(Beginning of Information provided)
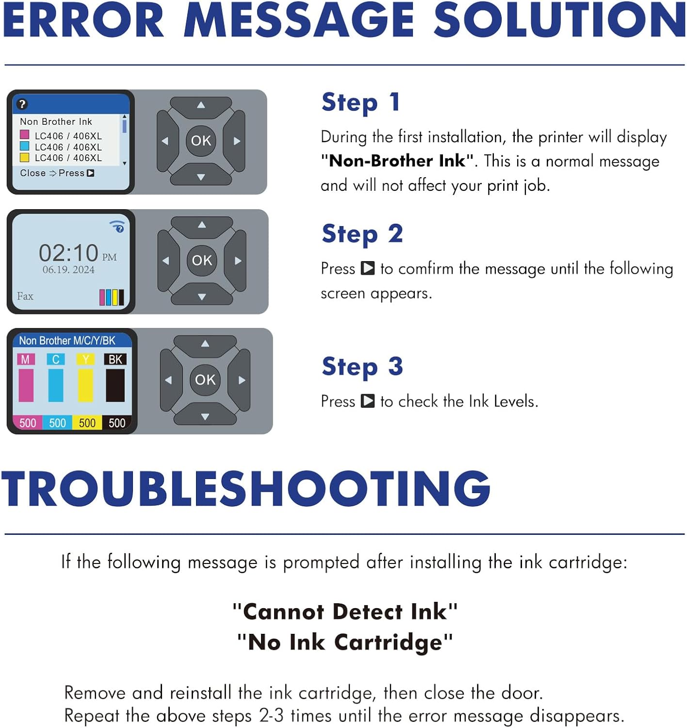 - Installation Tips: [1].Don't remove or touch the CHIP.[2]. When the printer prompts "non-original", please click OK or Next to continue. [3].When the printer appears "low ink", "empty", "replace ink cartridge" and other prompts, please remove the ink cartridge and reinstall it several times
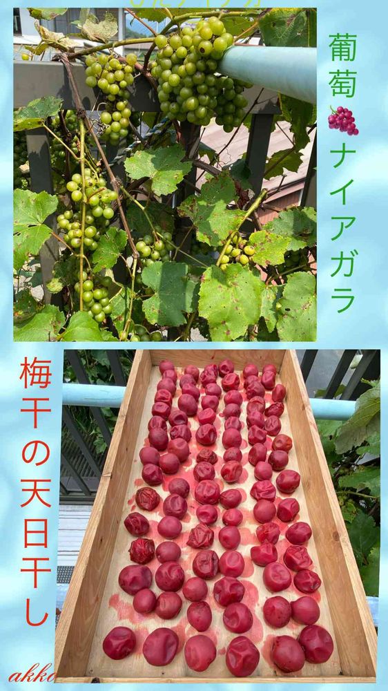 バルコニー/ベランダ,自家製梅干し,葡萄ナイアガラの投稿画像
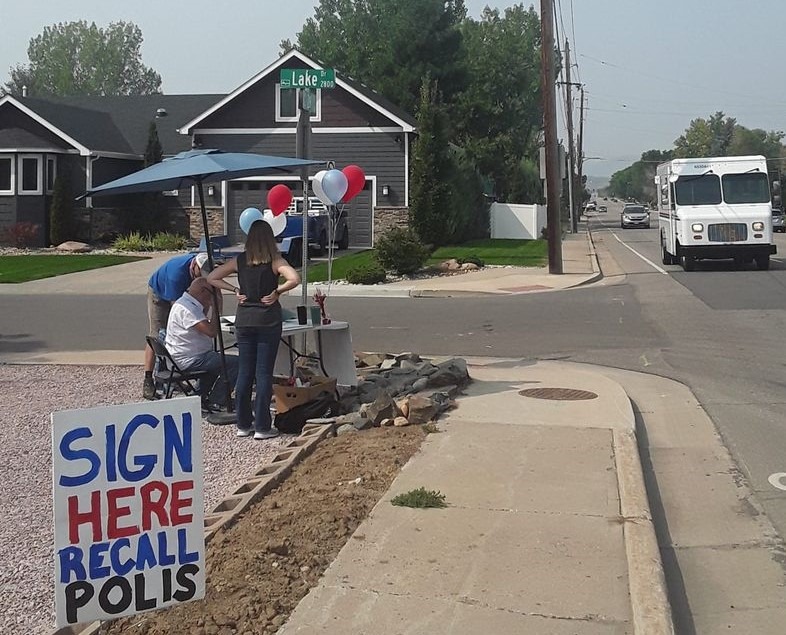 The first bonafide photograph of a place where Colorado voters can sign a petition to recall Gov. Jared Polis–not requiring a time machine back to 2019, mind you, the 2020 Recall Polis campaign–was sent to us today from a street corner in Loveland:
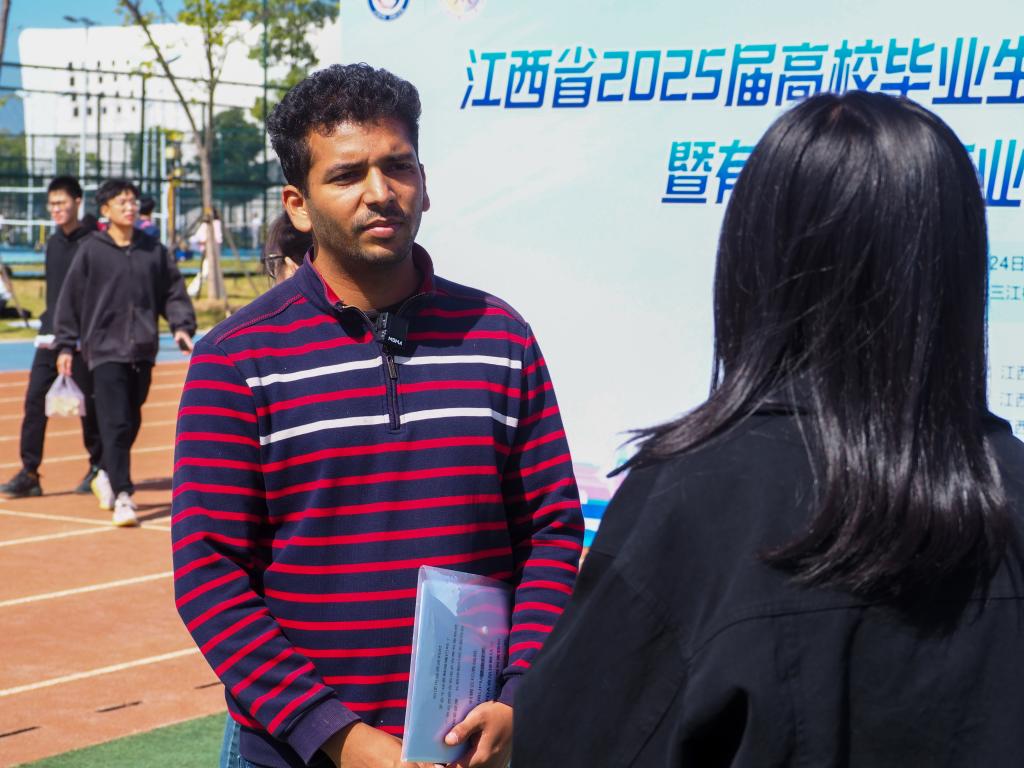 来自地质工程的2023级硕士国际生穆常青也积极参与了招聘会,从一开始他便怀揣着在中国长期发展和就业的强烈愿望。谈到在中国就业的国际友人优势时,他认为主要取决于个人优势,双语能力尤其是中文能力会带来优势。在中国就业会面临到一些困难,主要是习俗差异,但他深知这是需要克服的。作为地质工程专业的他,对与地质、矿业相关且有海外项目的企业和岗位兴趣浓厚,学校每年众多有色金属相关公司前来招聘,为他就业带来了很大优势。
(End of Information provided)
*What is expected:* No pictures belong in the copy; quote exactly the lines from the line containing "The first bonafide" through the final line of the material, both ends included.

*Output of the task:*
 The first bonafide photograph of a place where Colorado voters can sign a petition to recall Gov. Jared Polis–not requiring a time machine back to 2019, mind you, the 2020 Recall Polis campaign–was sent to us today from a street corner in Loveland:
 来自地质工程的2023级硕士国际生穆常青也积极参与了招聘会,从一开始他便怀揣着在中国长期发展和就业的强烈愿望。谈到在中国就业的国际友人优势时,他认为主要取决于个人优势,双语能力尤其是中文能力会带来优势。在中国就业会面临到一些困难,主要是习俗差异,但他深知这是需要克服的。作为地质工程专业的他,对与地质、矿业相关且有海外项目的企业和岗位兴趣浓厚,学校每年众多有色金属相关公司前来招聘,为他就业带来了很大优势。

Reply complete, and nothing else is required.